◆ **Directions**: Verbatim transcription with images omitted: return the entries below in full.

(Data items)

*** Begin section ***

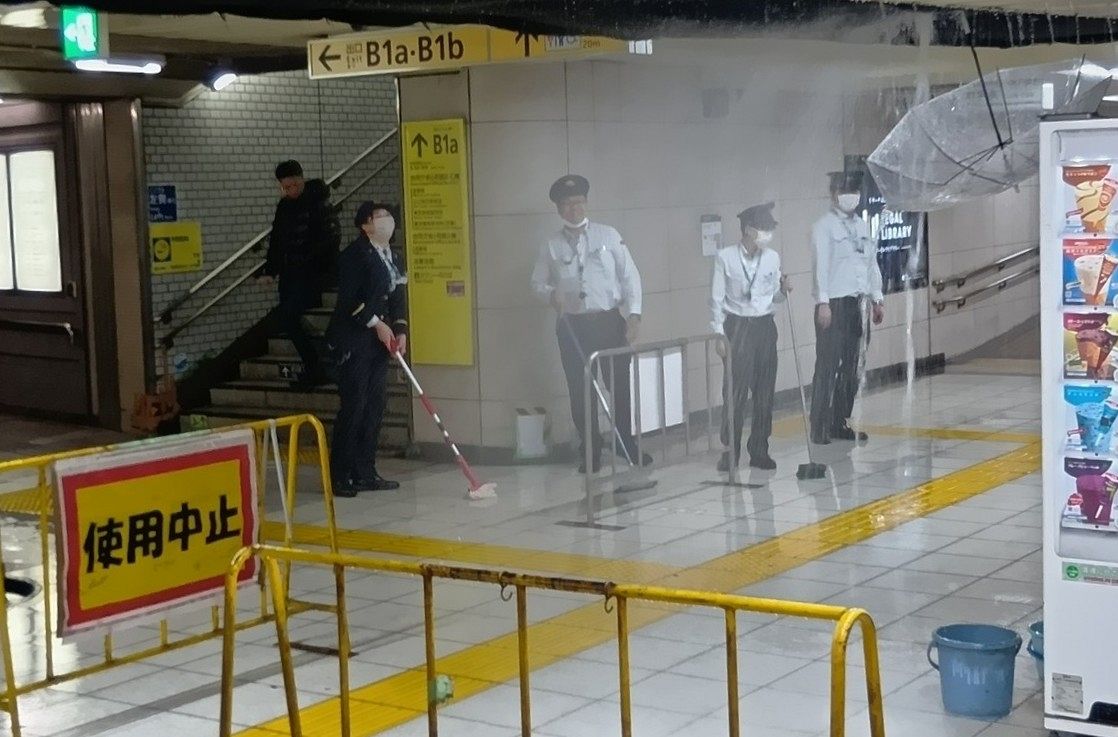 天井から激しく大量の水が…丸ノ内線霞ケ関駅で漏水 モップを手にした駅員たちが対応に追われる
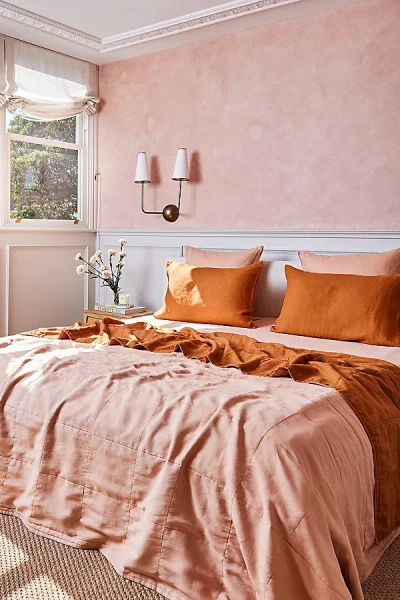 Reversible Linen Quilt In Terracotta/rust At Urban Outfitters
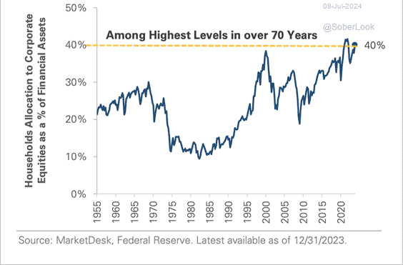 Flere og flere har fått øynene opp for aksjer og plassert en større del av sin sparing i aksjemarkedet. Amerikanerne har 40% av sine finansielle eiendeler i aksjemarkedet og dette er det høyeste nivået på 70 år.
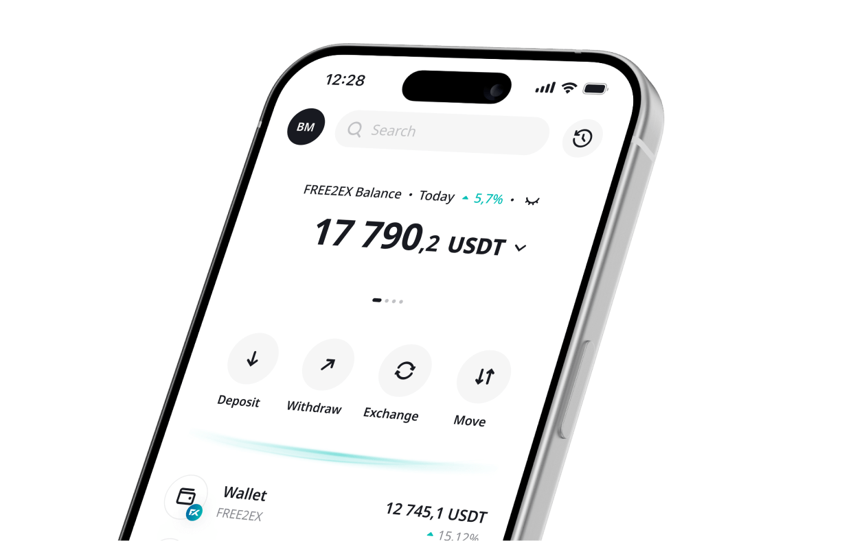 Take full control of your assets with the FREE2EX app: deposit, exchange, transfer, and withdraw.
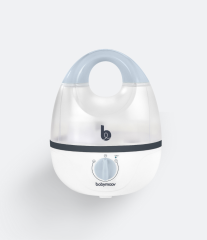 Humidificateur d'air bébé Hygro Babymoov. Humidificateur pour chambre bébé. Air sain pour prévenir les petit maux. Vapeur réglable. Silencieux. Autonomie jusqu'à 18h. Du coucher au réveil de bébé. Arrêt automatique et très simple d'utilisation bouton ON/OFF. Garantie à vie.
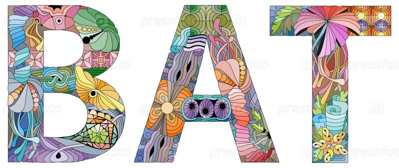 Слово BAT в стиле абстрактного ручного рисунка. буквы с орнаментом
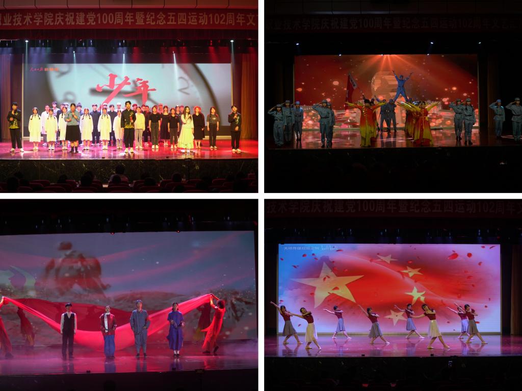 青春向党,奋斗有我。文艺汇演在活力四射的开场舞《舞动青春》中拉开帷幕。紧接着,15个二级学院用形式丰富、精彩纷呈的演出讴歌了党的百年奋斗历程,弘扬了五四运动精神。合唱曲目《我们都是追梦人》《共筑中国梦》激情昂扬,描绘了梦想的美好,激励我校青年学生勇敢追梦、不懈求索;舞蹈节目《我生长的地方》《灯火里的中国》《红船》《绒花》《红旗映初心》舞姿优美动人,用极富张力的肢体表演诠释了爱党爱国爱家乡的青年情怀;舞台剧《云端之上》《生命的河》《少年》《红色足迹》《信仰 青春 传承》致敬历史瞬间,用情景再现的形式教育和引领青年学生坚定理想信念、勇担历史使命;朗诵配音类节目《重温党史 唱响青春》《觉醒年代》《青春中国》字字铿锵、催人奋进,展现了我校学子锐意进取、意气风发的精神风貌。伴随着王璐璐、韩墨两位老师《唱支山歌给党听》的婉转歌声,整场文艺汇演圆满结束。经评委现场评分并统计后,汇演评出了一、二、三等奖,并进行了现场表彰。
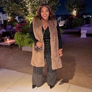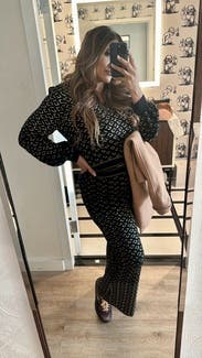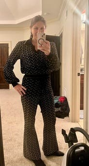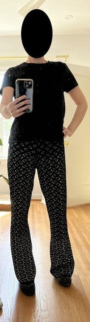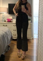Forgot to take a photo which is hilarious considering I wore these pants a bunch of times. They are really comfortable and surprisingly flattering. They feel like sweatpants but the gold thread and flared leg elevate them. Paired them with a gold sandal, a black jersey top and a moto jacket for date night and a girls night out. Will rent again and probably buy.
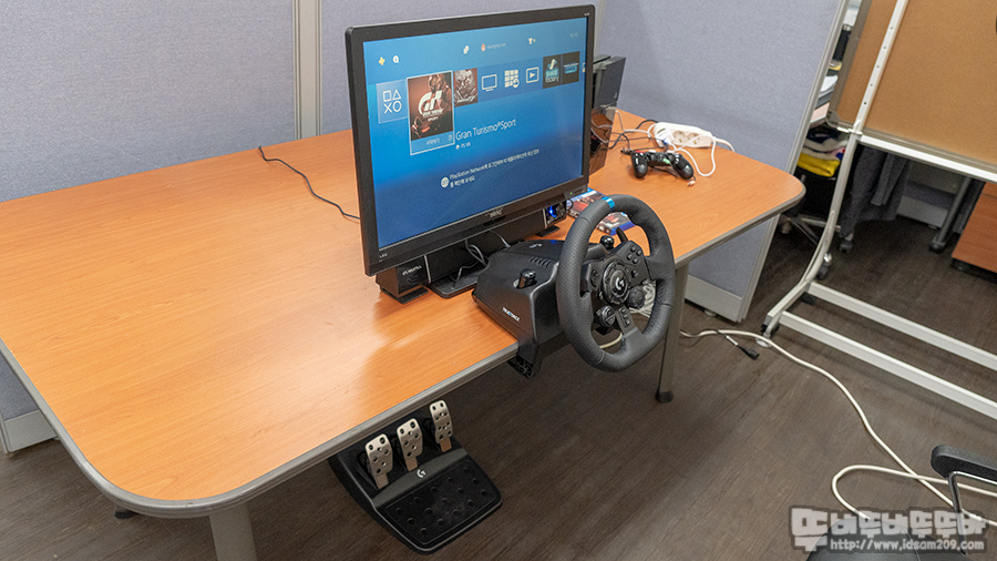 사무실 책상이 오피스용으로 상판 모서리가 경사진 형태로 되어있어 장착이 불가능하여 부득이하게 회의용 테이블로 세팅하고 레이싱 휠을 장착했습니다.
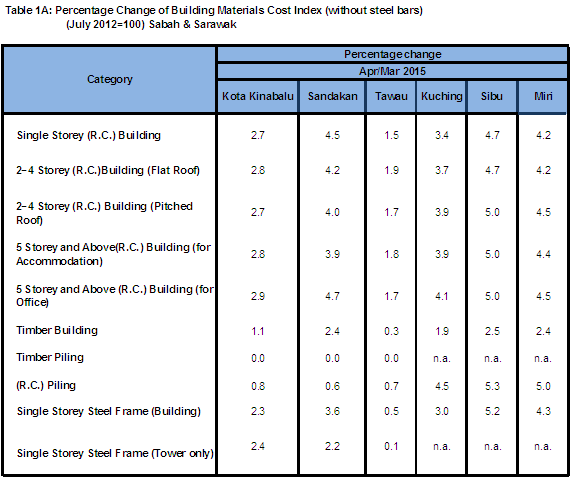 Overall, the Building Material Cost Index (BCI) (without steel bars and with steel bars) for all building categories in Sabah recorded increases compared to the previous month except for (R.C.) piling building (with steel bars) in Tawau which showed a decrease of 0.7 per cent.
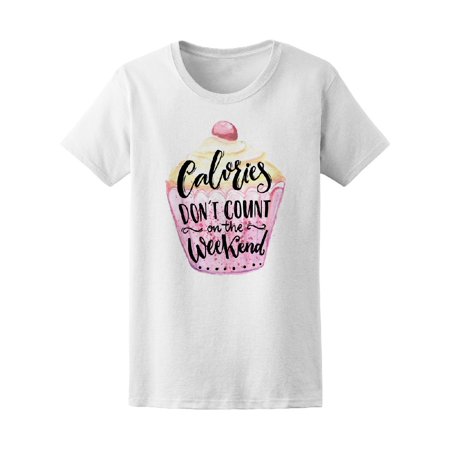 <ul> <li>Brand: Teeblox | Calories don't count on the weekend. Funny quote about weight loose at cupcake watercolor illustration. Modern calligraphy saying, joke inscription.</li> <li>White | 100% COTTON | T-shirt | </li> <li>Perfect for this spring season </li> </ul>
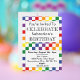 Custom rainbow checked LGBTQ birthday party invitations. Create custom invites to celebrate your birthday with this colourful chequered design. Easily add the name of the celebrant, the date and time. The venue address and either a contact email or phone number for guests to RSVP.
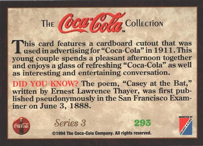 | Titolo: | Card The Coca-Cola Collection – Series 3 USA n. 293 – Card 1994 ed. Marketed |
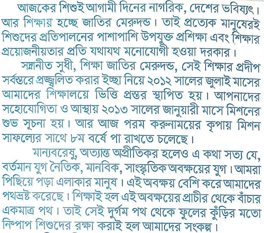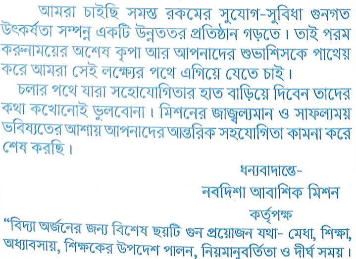 "I would like to greet good wishes, love and compassion from my bottom of heart on behalf of Nabo Didha Abashik Mission". On our knowledge and experience, we are continuously building the best further better environment for quality education and great happy path for up bringing your child with education, moral and cultural fulfilment."
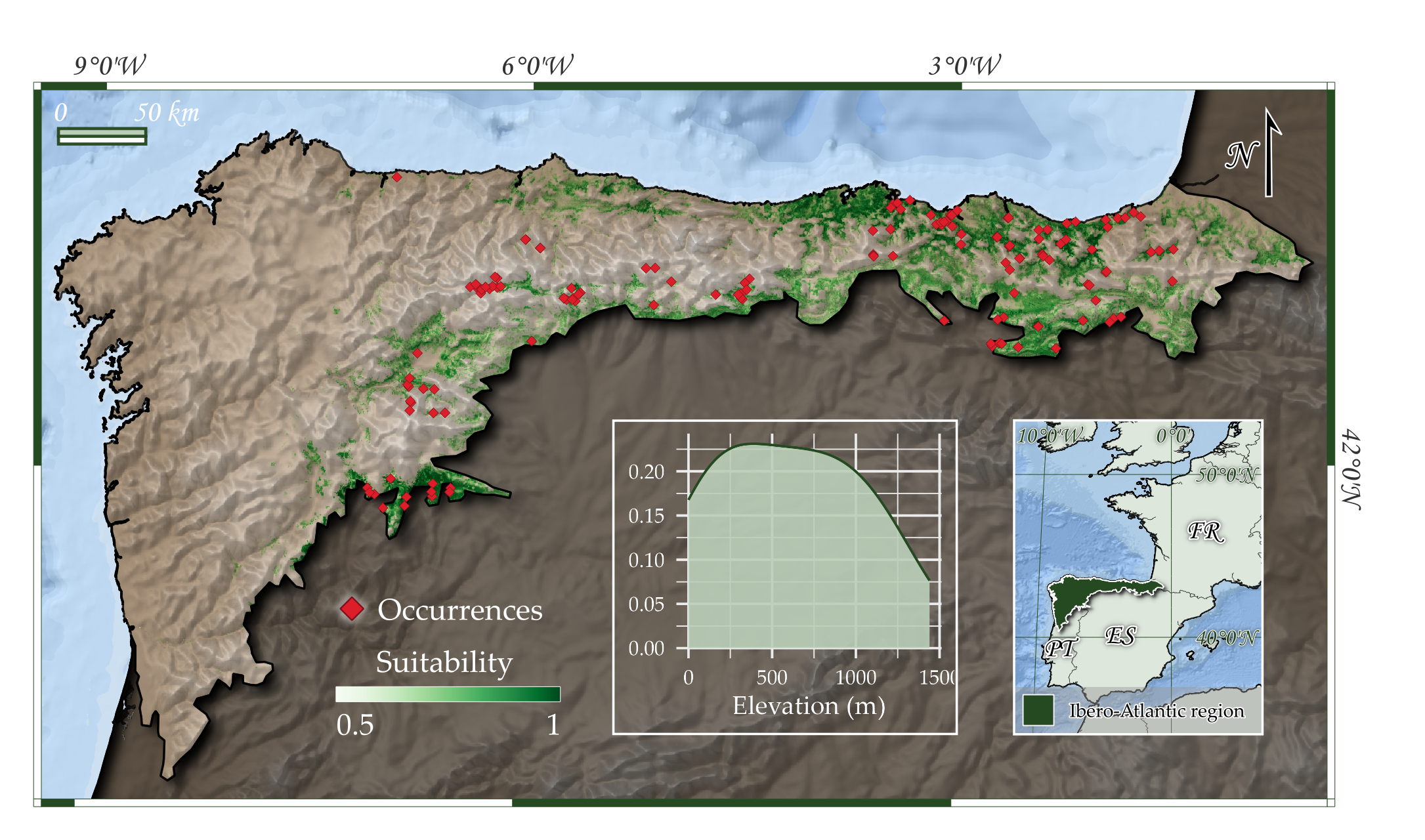 Ocurrencias conocidas y área potencial de ocupación del tipo de hábitat en la región de estudio.

*** End section ***

◆ **Worked solution**:
 天井から激しく大量の水が…丸ノ内線霞ケ関駅で漏水 モップを手にした駅員たちが対応に追われる
 Reversible Linen Quilt In Terracotta/rust At Urban Outfitters
 Flere og flere har fått øynene opp for aksjer og plassert en større del av sin sparing i aksjemarkedet. Amerikanerne har 40% av sine finansielle eiendeler i aksjemarkedet og dette er det høyeste nivået på 70 år.
 Take full control of your assets with the FREE2EX app: deposit, exchange, transfer, and withdraw.
 Humidificateur d'air bébé Hygro Babymoov. Humidificateur pour chambre bébé. Air sain pour prévenir les petit maux. Vapeur réglable. Silencieux. Autonomie jusqu'à 18h. Du coucher au réveil de bébé. Arrêt automatique et très simple d'utilisation bouton ON/OFF. Garantie à vie.
 Слово BAT в стиле абстрактного ручного рисунка. буквы с орнаментом
 青春向党,奋斗有我。文艺汇演在活力四射的开场舞《舞动青春》中拉开帷幕。紧接着,15个二级学院用形式丰富、精彩纷呈的演出讴歌了党的百年奋斗历程,弘扬了五四运动精神。合唱曲目《我们都是追梦人》《共筑中国梦》激情昂扬,描绘了梦想的美好,激励我校青年学生勇敢追梦、不懈求索;舞蹈节目《我生长的地方》《灯火里的中国》《红船》《绒花》《红旗映初心》舞姿优美动人,用极富张力的肢体表演诠释了爱党爱国爱家乡的青年情怀;舞台剧《云端之上》《生命的河》《少年》《红色足迹》《信仰 青春 传承》致敬历史瞬间,用情景再现的形式教育和引领青年学生坚定理想信念、勇担历史使命;朗诵配音类节目《重温党史 唱响青春》《觉醒年代》《青春中国》字字铿锵、催人奋进,展现了我校学子锐意进取、意气风发的精神风貌。伴随着王璐璐、韩墨两位老师《唱支山歌给党听》的婉转歌声,整场文艺汇演圆满结束。经评委现场评分并统计后,汇演评出了一、二、三等奖,并进行了现场表彰。
Forgot to take a photo which is hilarious considering I wore these pants a bunch of times. They are really comfortable and surprisingly flattering. They feel like sweatpants but the gold thread and flared leg elevate them. Paired them with a gold sandal, a black jersey top and a moto jacket for date night and a girls night out. Will rent again and probably buy.
 사무실 책상이 오피스용으로 상판 모서리가 경사진 형태로 되어있어 장착이 불가능하여 부득이하게 회의용 테이블로 세팅하고 레이싱 휠을 장착했습니다.
 Overall, the Building Material Cost Index (BCI) (without steel bars and with steel bars) for all building categories in Sabah recorded increases compared to the previous month except for (R.C.) piling building (with steel bars) in Tawau which showed a decrease of 0.7 per cent.
 <ul> <li>Brand: Teeblox | Calories don't count on the weekend. Funny quote about weight loose at cupcake watercolor illustration. Modern calligraphy saying, joke inscription.</li> <li>White | 100% COTTON | T-shirt | </li> <li>Perfect for this spring season </li> </ul>
 Custom rainbow checked LGBTQ birthday party invitations. Create custom invites to celebrate your birthday with this colourful chequered design. Easily add the name of the celebrant, the date and time. The venue address and either a contact email or phone number for guests to RSVP.
 | Titolo: | Card The Coca-Cola Collection – Series 3 USA n. 293 – Card 1994 ed. Marketed |
 "I would like to greet good wishes, love and compassion from my bottom of heart on behalf of Nabo Didha Abashik Mission". On our knowledge and experience, we are continuously building the best further better environment for quality education and great happy path for up bringing your child with education, moral and cultural fulfilment."
 Ocurrencias conocidas y área potencial de ocupación del tipo de hábitat en la región de estudio.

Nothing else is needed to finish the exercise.